Once touted as a climate-friendly renewable alternative to foreign oil, corn-based liquid ethanol has been exposed as an environmental and economic mistake. Lured by federal subsidies, Midwestern farmers have devoted millions of acres to corn that might otherwise have been devoted to soil conservation or feed-grain production.

A dead zone fed by fertilizer runoff spreads at the mouth of the Mississippi. And production costs throughout the grain-dependent U.S. food industry rise.

At the end of 2011, the ethanol industry lost a $6 billion annual tax-credit subsidy. Last week, the U.S. Environmental Protection Agency delivered another policy defeat for ethanol — which is to say, a victory for common sense.

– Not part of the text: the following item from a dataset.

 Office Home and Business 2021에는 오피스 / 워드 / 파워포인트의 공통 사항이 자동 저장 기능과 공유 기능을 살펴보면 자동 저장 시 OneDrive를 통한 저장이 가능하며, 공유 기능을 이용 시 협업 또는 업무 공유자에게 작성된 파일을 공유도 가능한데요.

The EPA proposes a cut in the amount of ethanol the nation’s refiners must add to the fuel supply in 2014, from 18.15 billion gallons of ethanol called for in current law to a new target of 15 billion to 15.52 billion gallons. The downward revision is the first such reduction since Congress enacted the Renewable Fuel Standard (RFS) in 2007.

At that time, gasoline consumption was high and rising. It seemed reasonable to put the country on course to blend 36 billion gallons of ethanol into motor fuel by 2022, as the RFS statute did.

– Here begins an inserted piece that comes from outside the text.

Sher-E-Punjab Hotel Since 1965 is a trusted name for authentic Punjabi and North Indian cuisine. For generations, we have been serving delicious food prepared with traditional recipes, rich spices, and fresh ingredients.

But changes in motorists’ habits and advances in fuel economy have made that objective unrealistic. Driving and motor-fuel use have plateaued.

Mixing more ethanol into a fixed or shrinking pool of fuel would bump up against the capacity of engines to burn it, as well as the capacity of the distribution network to pump it. Rather than hit this so-called blend wall, the EPA wisely decided to scale back the ethanol mandate.

Expect to hear from the ethanol lobby about how this is a victory for their rivals in the Big Oil and Big Grocery lobbies — which it is. The former has no interest in federal subsidy of a rival fuel; the latter would like less competition for access to grain. But that doesn’t mean their arguments are without merit.

The public benefits of ethanol subsidies do not offset the market distortions or outweigh the costs. The only flaw in the EPA’s announcement is that it doesn’t go far enough.

Partly, this is because the EPA only has authority to waive the legal mandate for a year. And partly, it’s because “biofuels are a key part of the Obama Administration’s … energy strategy,” EPA Administrator Gina McCarthy says.

What’s really needed is repeal of the ethanol mandate, which was enacted in a different time, on the basis of projections about energy markets that have not panned out. More-efficient fuel conservation measures, such as a gasoline tax increase, would let broad incentives, not politics, determine the best way to move vehicles while meeting energy security and environmental goals.